Throughout the book, Scheffel also avoided the glorification of war, while remaining critical of the decisions he had made in battle.
As the book progresses, you see Scheffel maturing into an inspiring leader. He recalled once in North Africa when one of his young soldiers was afraid to pull his trigger:
The fog continued to lift and we saw three Germans on the forward slope get out of their holes and begin setting up a machine gun. We watched them work hard, digging the gun in solid, orienting it to face us.
I eased my Springfield [rifle] into a firing position and looked at my new troop. "What are you going to do?" I said.
"I don't know."
"What should you do?"
"I guess I should start shooting."
"Well," I said, "why aren't you shooting then, soldier?"
He stared at me. "Sir, if I shoot at them, they'll shoot back."
"Look," I said, "are you going to wait for them to get set up?" I kept my eye on the Germans because I was going to unload my rifle at them if they started to get behind their weapon.... "Do you know what's going to happen if you don't start shooting?... They're going to pick you off.

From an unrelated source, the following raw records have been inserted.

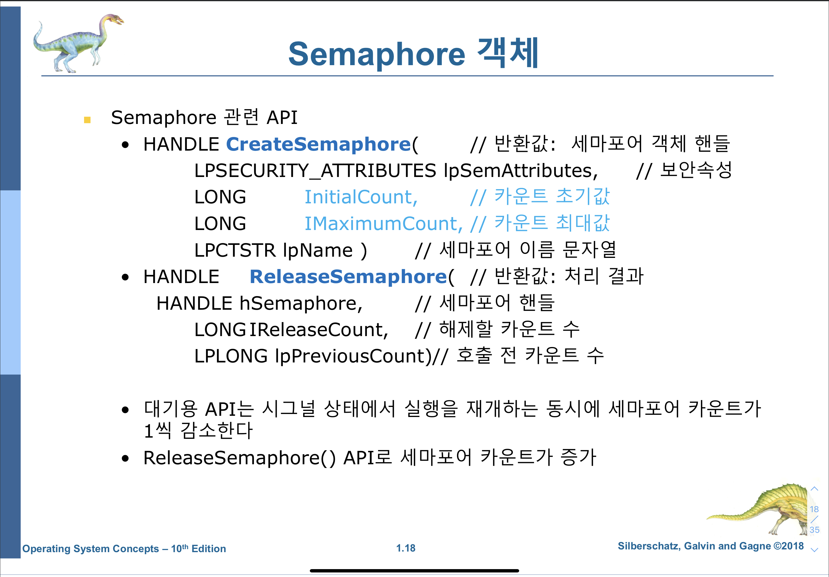 윈도 API의 WaitForSingleObject()는 OS 세마포어의 Wait()과 같은 기능을 하고
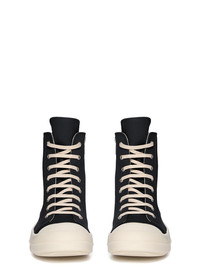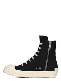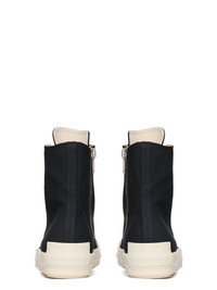 DRKSHDW SS25 HOLLYWOOD SNEAKS IN BLACK/MILK/MILK 13OZ OVERDYED DENIM THESE SNEAKS ARE ABOVE ANKLE HEIGHT AND FEATURE EIGHT EYELETS, LACES, A ZIPPER ON THE INSIDE ANKLE FOR EASY FASTENING, TOE CAPS AND SHARK-TOOTH SOLES THIS MEDIUMWEIGHT 13OZ DENIM IS OVERDYED AND HAS A SOFT AND WASHED HANDFEEL. THIS FABRIC IS MADE USING GOTS CERTIFIED ORGANIC COTTON WHICH MEANS THE NATURAL FIBER IS GROWN WITHOUT HARMFUL CHEMICALS, LEAVing OUR SOIL, AIR AND WATER CLEANER FROM CONTAMINATES COLOR: BLACK/MILK/MILK MATERIAL: UPPER 100% COTTON TOE 70% POLYURETHANE + 30% VISCOSE LINING 100% COTTON SOLE 100% THERMOPLASTIC RUBBER SOLE HEIGHT 3.5CM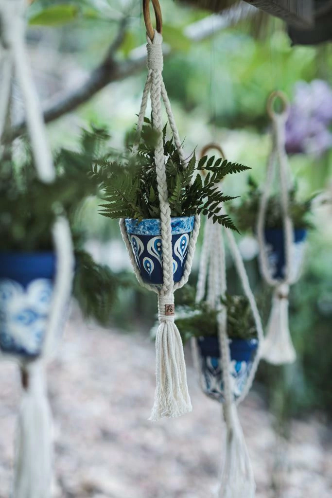Transforme seu espaço com este conjunto único de suporte de planta de macramê, feito manualmente por um talentoso artesão da Praia da Pipa. Este suporte, com aproximadamente 55cm, é o complemento perfeito para o seu jarrinho de cerâmica potiguar, que possui 13cm de altura e 10cm de diâmetro e é pintado à mão, refletindo a rica cultura local.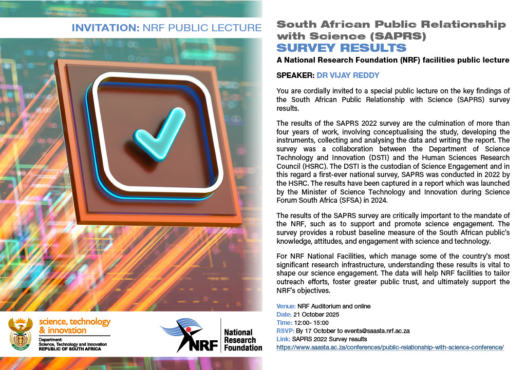 You are cordially invited to a special public lecture on the key findings of the South African Public Relationship with Science (SAPRS) survey results.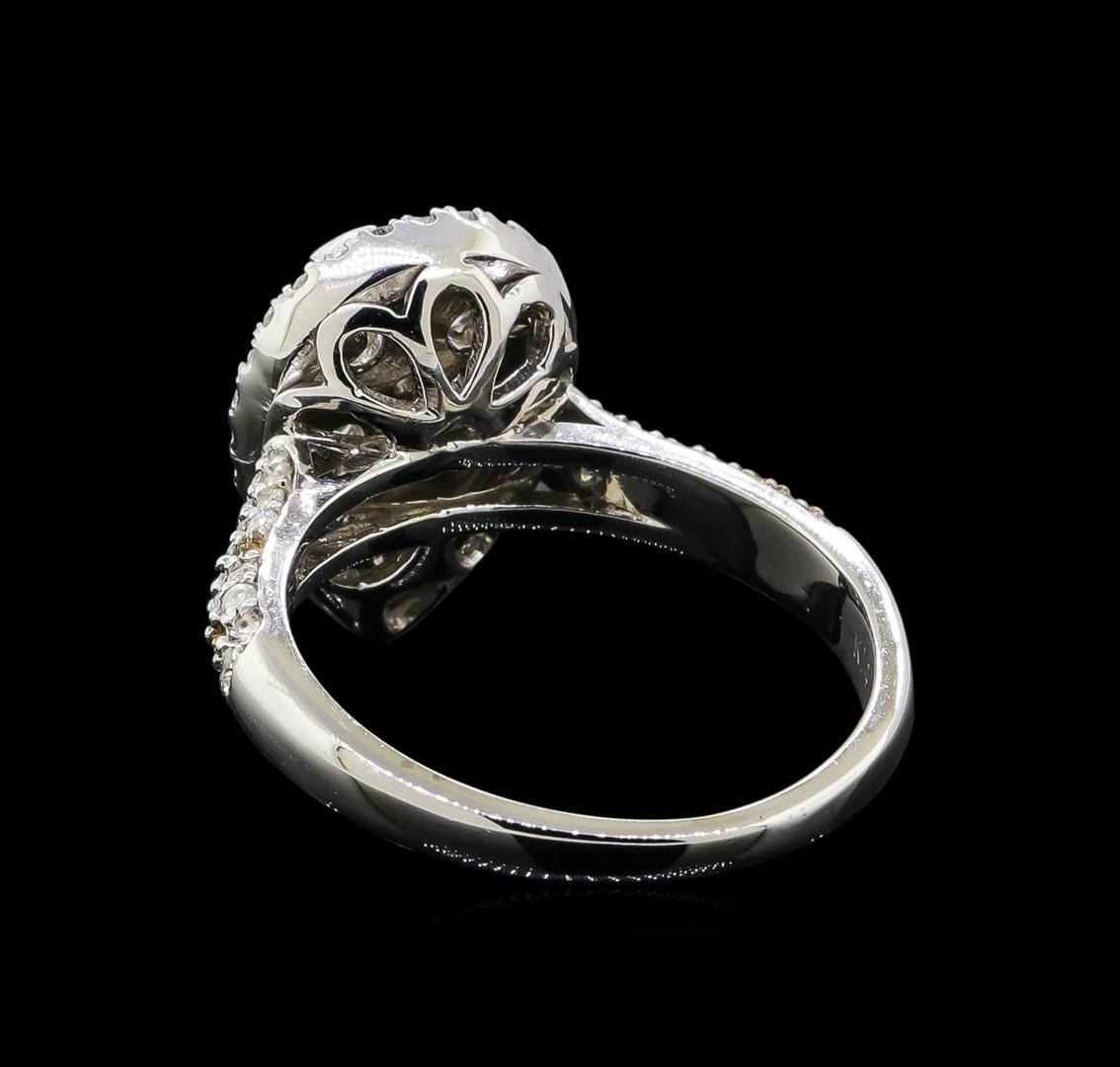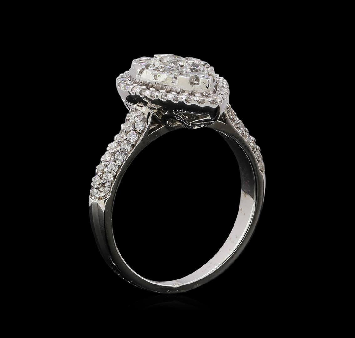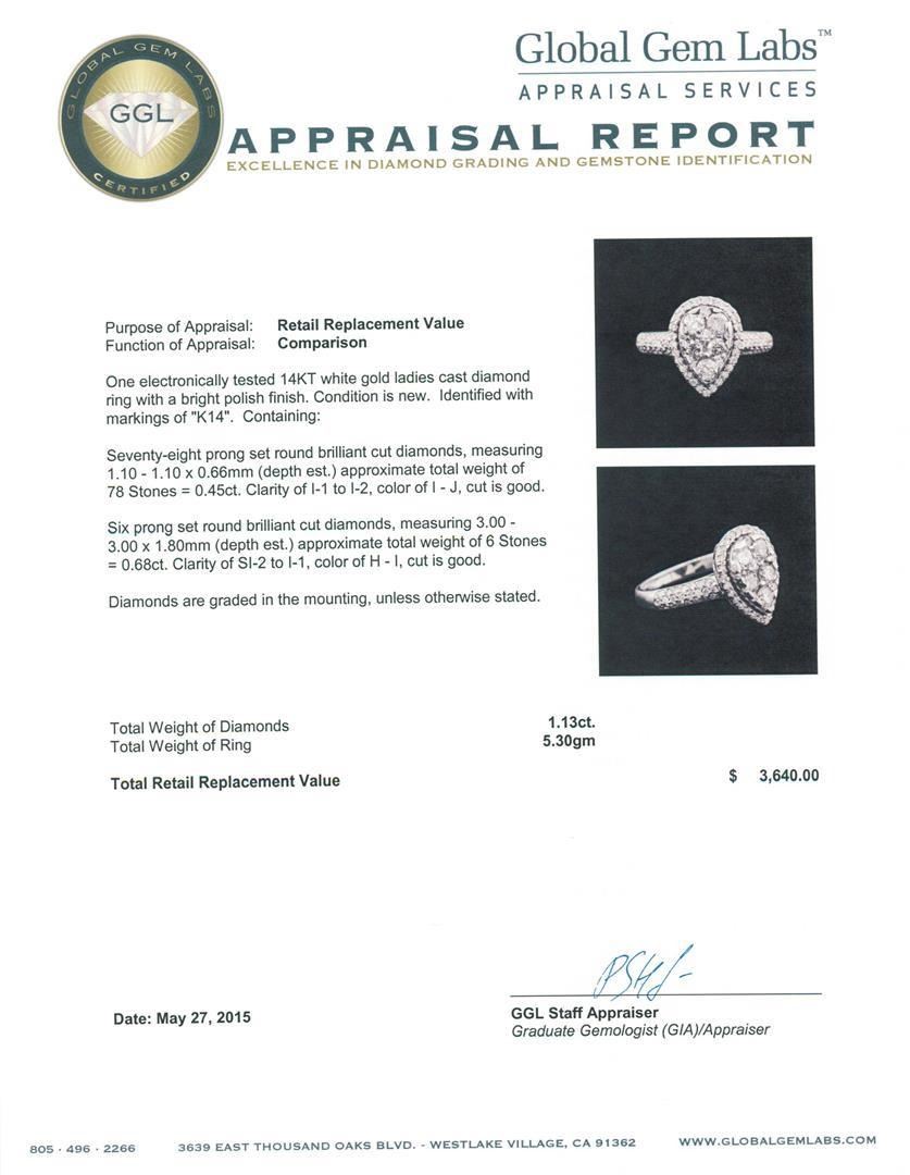One electronically tested 14KT white gold ladies cast diamond ring with a bright polish finish. Identified with markings of "K14". Condition is new. Containing: Seventy-Eight prong set round brilliant cut diamonds, measuring 1.10 - 1.10 x 0.66mm (depth est.) approximate total weight of 78 Stones = 0.45ct. Clarity: I-1 to I-2. Color: I - J, Cut is Good. Six prong set round brilliant cut diamonds, measuring 3.00 - 3.00 x 1.80mm (depth est.) approximate total weight of 6 Stones = 0.68ct. Clarity: SI-2 to I-1. Color: H - I, Cut is Good. Diamonds are graded in the mounting, unless otherwise stated. Total Weight of Diamonds 1.13ct. Total Weight of Ring 5.30 grams. GGL Appraised.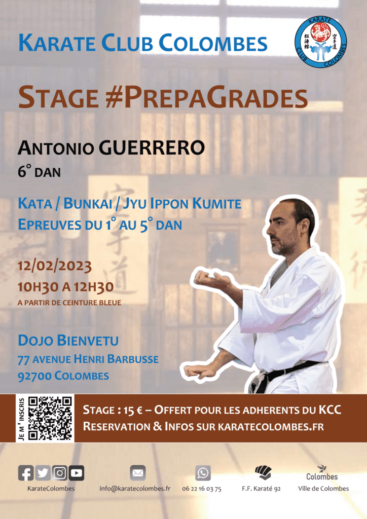 Les #PrepaGrades sont des stages de préparation aux passages de grades de karaté (kata / bunkai / kihon / kumite), sous la direction d’Antonio Guerrero (6°dan, BEES 2° degré). Ces cours sont ouverts à tous les styles à partir de la ceinture bleue (minimum 15 ans). Voir le programme #PrepaGrades de la saison.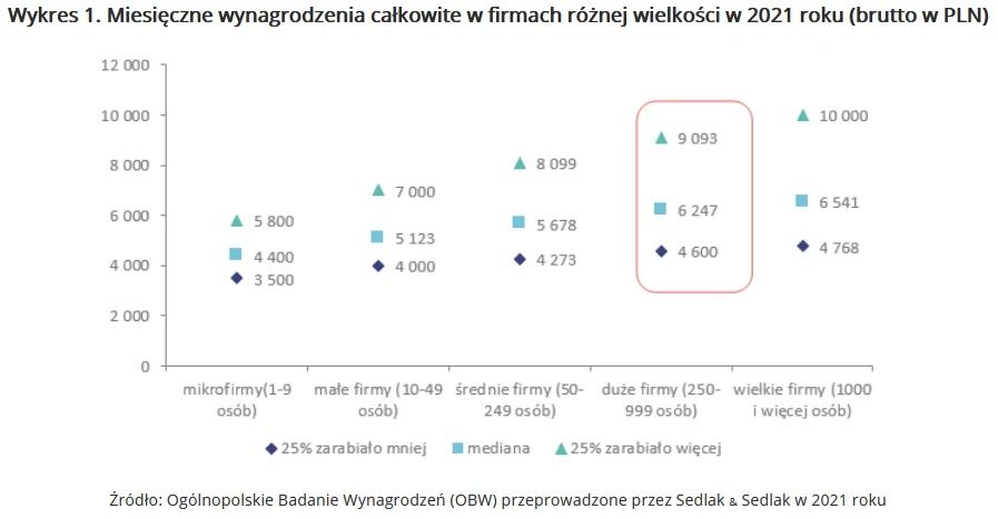 W Ogólnopolskim Badaniu Wynagrodzeń 2021 wzięło udział 19 426 osób pracujących w dużych firmach, co stanowiło 21 proc. badanej próby. W przedsiębiorstwa zatrudniających od 250 do 999 osób pracowali głównie mężczyźni (57 proc.).

What are you going to do now?"
"I guess I'm going to start shooting, sir." He raised his rifle, squeezed one off, and a German with his back to us crumpled.
"You got him!" I said.
"I did! I did!"
That episode of Scheffel offering gentle guidance to his young soldier is also one of the many passages where he gives you the feel of the war on the front line. The grand strategies you read about in other books become somewhat meaningless. It really mattered little to the daily lives of the Army grunts if the German supplies into Tunisia were waning or if the German armor movements were being limited by Allied air superiority. Instead, what mattered to infantrymen was surviving the mission taking the next farmhouse or digging two-man foxholes so the riflemen could support each other.
In his plain language, Scheffel offers his experience of the war as a front line infantry officer, something that is unique and priceless. "Each person's life, if truthfully told, would make a great story", said Ernest Hemingway. With the help of Camroc Press' Barry Basden, Scheffel's experience made Crack! and Thump among the most candid and insightful pieces of work that gave hint to the ground war in WW2.